### What the task requires
A faithful copy without images is required: write out all the records exactly.

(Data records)
########
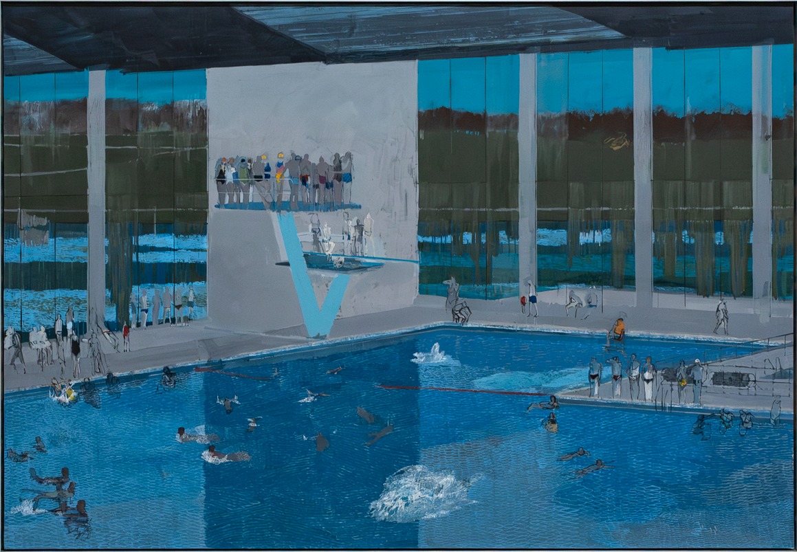 Anderson’s work questions the nature of reality, paintings show the pictorial techniques used in their construction, and the grid underdrawing used to scale the composition is often left or re-applied over the painting. In this sense, his work is far from a ‘trompe l'oeil’ (or trompe l’acrylic in the case of Anderson), it is not hyper-realism. In contrast, it is painting which questions the ‘truth’ of photography. Like water, reality is fluid and as intangible as memory. Paintings such as ‘Audition 1998’, depicting Anderson’s local municipal pool, were created using photomontage, scaled to create an accurate representation, but combined with a ghostly, painterly approach to figuration. With a muddied palette evoking faded recollection or perhaps nostalgia.
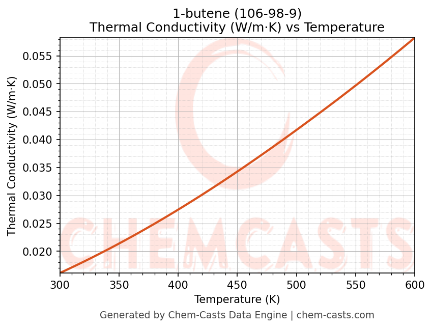 This page presents the temperature-dependent thermodynamic and transport properties of 1-butene (CAS 106-98-9) calculated at a constant pressure of 1 atm (101325 Pa) over the temperature range 250-500 K.
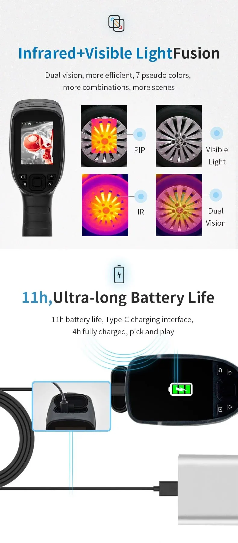 Режим изображения: Тепловое изображение, fusion, PIP (изображение на фото), цифровая камера (визуальный светильник)
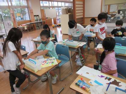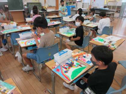 製作に取り組んでいる「ふしぎなたまご」。今日は,背景に絵の具で色をつ好きな色を好きな色の濃さを工夫して着色していきました。仕上がりが楽しみです。
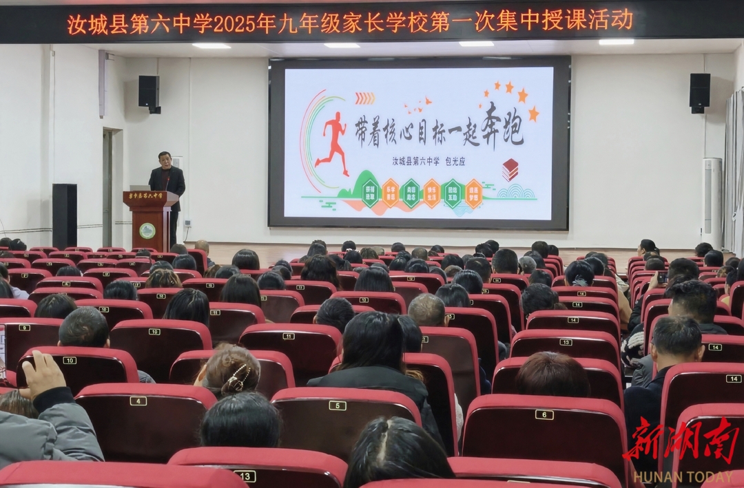 新湖南客户端12月25日讯(通讯员 陈为华 何韩军 袁婷锋 ) 12月23日,汝城县第六中学举办九年级家校分享会,该校物理名师工作室主持人、县级骨干教师包光应以《带着核心目标一起奔跑》为题,带来兼具深度与温度的专题分享,为九年级家长点亮成长引路灯和家校共育搭建清晰行动框架。
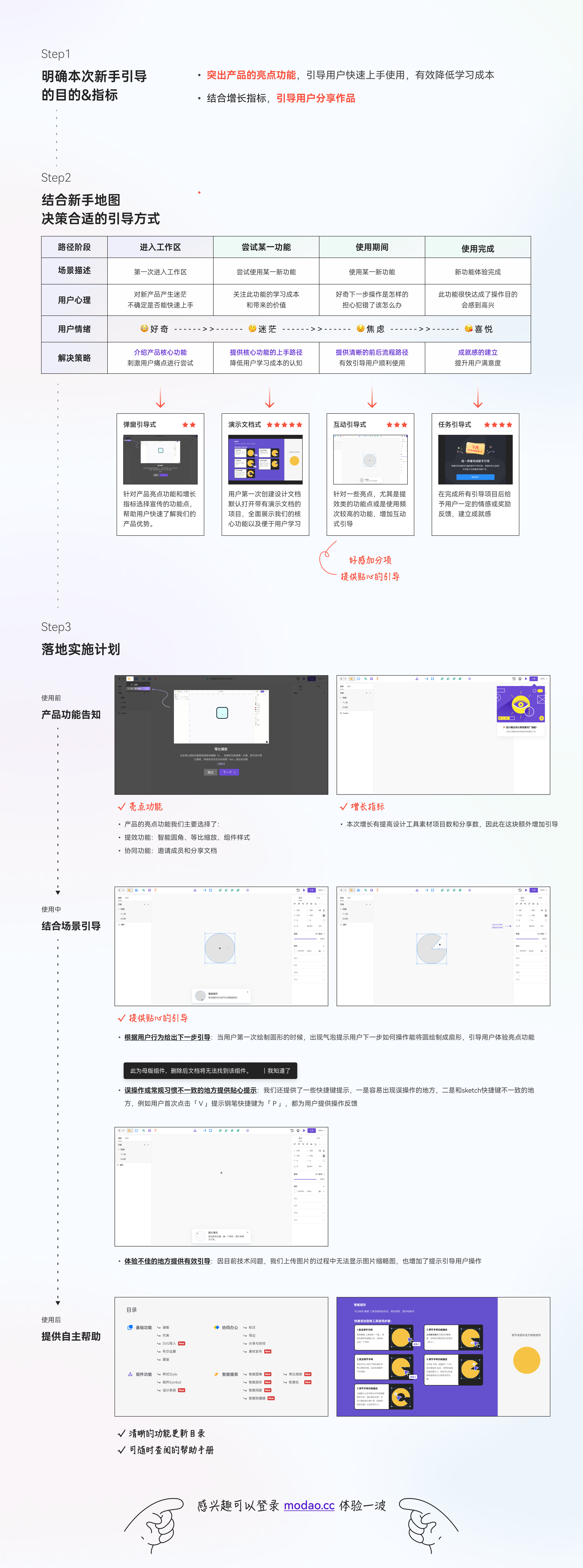 墨刀这款设计工具属于初创期产品,目前没有什么设计用户,所以我们整个的引导方案还是以凸显目前设计工具亮点功能为主。
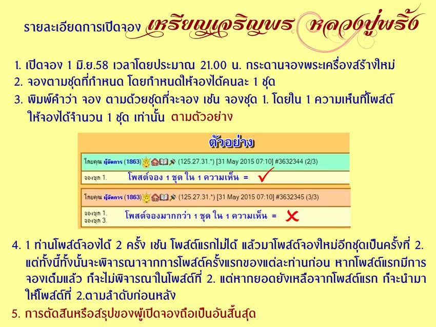 | หัวข้อกระทู้ : => รายละเอียดการเปิดจอง เหรียญเจริญพร หลวงปู่พริ้ง วัดซับชมพู่ คืนนี้ 1/6/58 เวลา 21.00 น. |
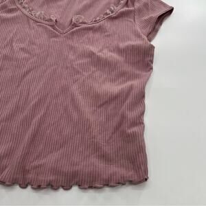 Intimately Free People Lace Trim Rib Crop Top Pink Women’s Shirt Classic Twist
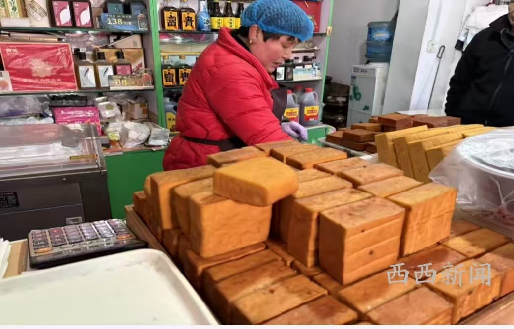 “这一辈子就做成了一件事,小姑娘的时候在卖豆腐,老了还在卖,之前央视也来拍过。”刘自惠笑着向记者介绍,黄官豆腐干始终选用本地优质黄豆,严格恪守浆水点卤的传统古法,历经浸、磨、滤、煮、点、压、熏七道核心工序,再以松枝慢火熏制,成品色泽微黄、口感筋道、豆香醇厚。这一口传承百年的老味道,不仅是当地群众过年必备的风味小吃,更是无数在外游子心中难以割舍的乡愁记忆。
########
### Output below
 Anderson’s work questions the nature of reality, paintings show the pictorial techniques used in their construction, and the grid underdrawing used to scale the composition is often left or re-applied over the painting. In this sense, his work is far from a ‘trompe l'oeil’ (or trompe l’acrylic in the case of Anderson), it is not hyper-realism. In contrast, it is painting which questions the ‘truth’ of photography. Like water, reality is fluid and as intangible as memory. Paintings such as ‘Audition 1998’, depicting Anderson’s local municipal pool, were created using photomontage, scaled to create an accurate representation, but combined with a ghostly, painterly approach to figuration. With a muddied palette evoking faded recollection or perhaps nostalgia.
 This page presents the temperature-dependent thermodynamic and transport properties of 1-butene (CAS 106-98-9) calculated at a constant pressure of 1 atm (101325 Pa) over the temperature range 250-500 K.
 Режим изображения: Тепловое изображение, fusion, PIP (изображение на фото), цифровая камера (визуальный светильник)
 製作に取り組んでいる「ふしぎなたまご」。今日は,背景に絵の具で色をつ好きな色を好きな色の濃さを工夫して着色していきました。仕上がりが楽しみです。
 新湖南客户端12月25日讯(通讯员 陈为华 何韩军 袁婷锋 ) 12月23日,汝城县第六中学举办九年级家校分享会,该校物理名师工作室主持人、县级骨干教师包光应以《带着核心目标一起奔跑》为题,带来兼具深度与温度的专题分享,为九年级家长点亮成长引路灯和家校共育搭建清晰行动框架。
 墨刀这款设计工具属于初创期产品,目前没有什么设计用户,所以我们整个的引导方案还是以凸显目前设计工具亮点功能为主。
 | หัวข้อกระทู้ : => รายละเอียดการเปิดจอง เหรียญเจริญพร หลวงปู่พริ้ง วัดซับชมพู่ คืนนี้ 1/6/58 เวลา 21.00 น. |
 Intimately Free People Lace Trim Rib Crop Top Pink Women’s Shirt Classic Twist
 “这一辈子就做成了一件事,小姑娘的时候在卖豆腐,老了还在卖,之前央视也来拍过。”刘自惠笑着向记者介绍,黄官豆腐干始终选用本地优质黄豆,严格恪守浆水点卤的传统古法,历经浸、磨、滤、煮、点、压、熏七道核心工序,再以松枝慢火熏制,成品色泽微黄、口感筋道、豆香醇厚。这一口传承百年的老味道,不仅是当地群众过年必备的风味小吃,更是无数在外游子心中难以割舍的乡愁记忆。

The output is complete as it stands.